C’est une réalité : même les élus favorables au vélo, comme Barry Madlener, n’ont jamais fait campagne pour imposer le casque. Les rares initiatives, telles que “Zet letterlijk een helm op”, n’ont pas changé la donne. Aux Pays-Bas, porter un casque à vélo n’est pas la règle, mais bien l’exception.

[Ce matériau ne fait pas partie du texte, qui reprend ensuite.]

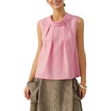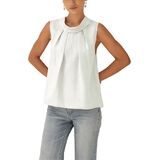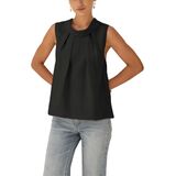 - This womens tank top features stand-up collar, front pleated details, back lattice, button design, sleeveless silhouette, pull on closure
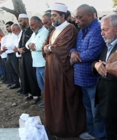 فلسطينيون يؤدون الصلاة على بقايا الرفات من القبور التي هدمتها قوات الاحتلال الإسرائيلي في المقبرة اليوسفية في القدس، قبل إعادة دفنها مرة أخرى
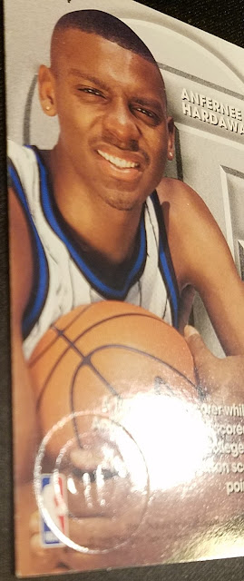 HERE'S A TERRIBLE PHOTO WHERE YOU CAN SEE THE EMBOSS. WHY DID UPPER DECK TO THIS TO A BASE CARD IN A SET THAT DOESN'T EVEN USE FOIL? EVEN PENNY LOOKS CONFUSED
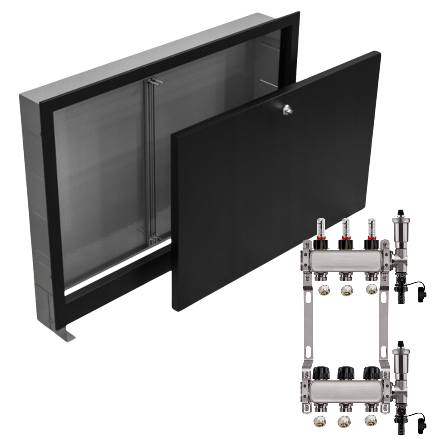 ROZDZIELACZ NIERDZEWNY PODŁOGÓWKI 3+ SKRZYNKA PODTYNKOWA CZARNA+PEX
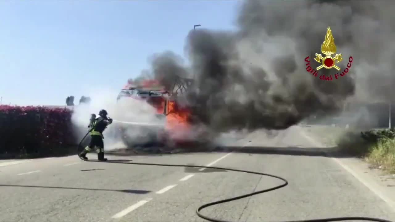 Si incendia un tir, enorme colonna di fumo nero
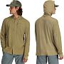 Основа цього худі - гібридна конструкція із двох типів тканини, розташованих відповідно до потреб рибалки. Передня частина торса та верхня частина рукавів виконані з легкого, але міцного плетеного поліестеру ріпстоп. Цей матеріал має підвищену зносостійкість і забезпечує базовий захист від вітру під час руху на човні. Капюшон, спина, бічні панелі та нижня частина рукавів виготовлені з високотехнологічного трикотажного матеріалу SolarFlex. Він неймовірно еластичний, повторюючи кожен рух рибалки під час закидання, і забезпечує максимальну паропроникність, ефективно відводячи вологу від тіла.

Infrastructures, mentalités et sécurité : le trio gagnant des cyclistes néerlandais

La réputation des Pays-Bas en matière de sécurité à vélo ne doit rien au hasard. Le pays a investi dans un réseau cyclable hors norme : plus de 35 000 km de pistes, séparées du trafic motorisé, balisées, dotées de feux spécifiques, et pensées pour limiter les accidents. La voirie s’adapte au vélo, pas l’inverse.

Mais la réussite tient aussi à la mentalité collective. Ici, le vélo n’est pas une revendication : il fait partie de la routine, de la façon de vivre ensemble. Dès l’école primaire, les enfants apprennent à circuler, à anticiper, à veiller sur les autres. Les automobilistes, eux aussi, participent à cet équilibre : ils réduisent leur allure, restent attentifs, considèrent le cycliste comme un usager légitime.

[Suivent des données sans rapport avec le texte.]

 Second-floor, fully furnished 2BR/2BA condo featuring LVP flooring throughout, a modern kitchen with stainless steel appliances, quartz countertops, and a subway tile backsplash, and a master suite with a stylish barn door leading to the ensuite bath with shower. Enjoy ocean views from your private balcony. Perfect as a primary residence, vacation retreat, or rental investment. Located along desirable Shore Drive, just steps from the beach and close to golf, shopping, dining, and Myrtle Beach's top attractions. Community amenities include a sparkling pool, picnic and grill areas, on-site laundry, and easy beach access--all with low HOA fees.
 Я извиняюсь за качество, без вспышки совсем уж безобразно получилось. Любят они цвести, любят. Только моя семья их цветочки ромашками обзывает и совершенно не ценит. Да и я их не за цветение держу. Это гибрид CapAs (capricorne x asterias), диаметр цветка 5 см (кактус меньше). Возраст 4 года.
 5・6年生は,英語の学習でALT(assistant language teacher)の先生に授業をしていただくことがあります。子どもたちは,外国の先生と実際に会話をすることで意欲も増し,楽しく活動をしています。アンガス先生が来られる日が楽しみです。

Résultat : le nombre de traumatismes crâniens causés par le vélo reste bas, comparé à d’autres pays européens. Le ministre Barry Madlener salue régulièrement ce modèle, qui doit son efficacité non pas à la généralisation du casque, mais à la réduction des risques à la source. Signalisation claire, entretien rigoureux des voies, partage de l’espace : chaque détail compte pour garantir cette impression de sécurité si distinctive.

Voici les piliers de ce succès :

  • Des pistes cyclables continues et séparées du trafic
  • Une éducation à la circulation dispensée dès le plus jeune âge
  • Une régulation stricte de la vitesse en ville

Famille en vélo dans un parc d

Ce que l’on peut apprendre (ou pas) du modèle néerlandais pour nos villes

Regarder du côté des Pays-Bas, c’est s’inspirer d’une culture vélo qui va bien au-delà des infrastructures ou du débat sur le port du casque. En France, les villes se transforment, mais l’histoire urbaine, la place de la voiture et les habitudes de déplacement diffèrent. L’obligation du casque pour les plus jeunes fait toujours débat, là où les Néerlandais misent sur l’aménagement urbain et la cohabitation.

L’expérience néerlandaise montre que la sécurité des cyclistes dépend d’abord d’un environnement adapté : pistes séparées, intersections repensées, signalisation limpide. Ici, la pédagogie se vit au quotidien, dans la rue, plus que dans les campagnes d’affichage.

  • En France, la pratique du vélo reste trop souvent cantonnée à certains quartiers ou à une activité de loisir, alors qu’aux Pays-Bas, elle irrigue toutes les générations et tous les milieux.
  • La question du casque, obligatoire ou simplement recommandé, se heurte à la diversité des contextes urbains et à l’état des réseaux cyclables.

Le modèle néerlandais n’est pas une formule à dupliquer. C’est une source d’inspiration : investir dans des réseaux cyclables vraiment continus, repenser la circulation, adapter les usages. Le casque, dans ce cadre, devient un choix réfléchi, non le signe d’une inquiétude permanente. La bicyclette, elle, roule sereinement, portée par une ville qui l’a adoptée depuis longtemps. À chacun de tracer sa route : les pistes ne manquent pas, il suffit parfois d’oser pédaler autrement.